____ Provided data

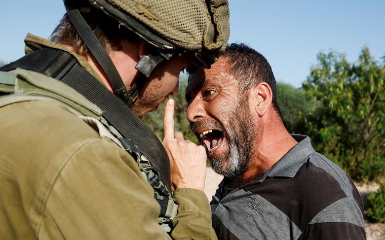درگیری یک معترض فلسطینی با یک سرباز اسرائیلی در جریان اعتراض به شهرک سازی اسرائیل
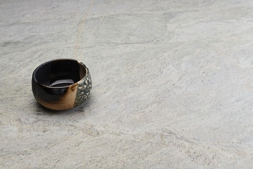 وعاء فخاري متعدد الألوان على خلفية من الرخام الرمادي
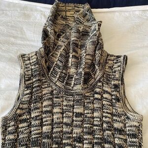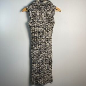 Derek Heart Black/Tan Sleeveless Cowl Neck Ribbed Sweater Pencil Dress Small
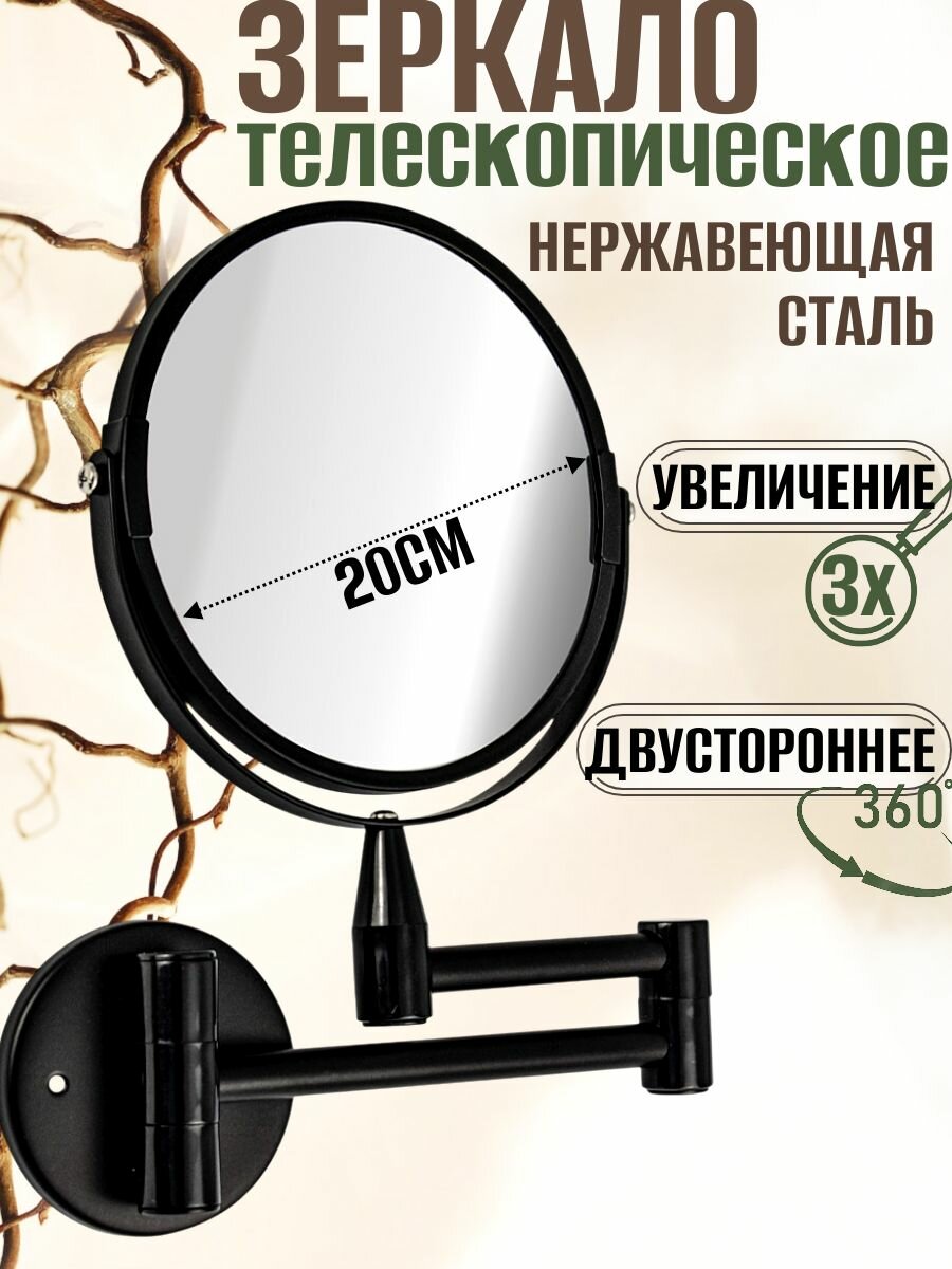 Зеркало косметическое настенное, раздвижное, на коленце, нержавеющая сталь, цвет черный информация:

________

Keep the pictures out of the copy and return the rest of the data above exactly.

درگیری یک معترض فلسطینی با یک سرباز اسرائیلی در جریان اعتراض به شهرک سازی اسرائیل
 وعاء فخاري متعدد الألوان على خلفية من الرخام الرمادي
 Derek Heart Black/Tan Sleeveless Cowl Neck Ribbed Sweater Pencil Dress Small
 Зеркало косметическое настенное, раздвижное, на коленце, нержавеющая сталь, цвет черный информация:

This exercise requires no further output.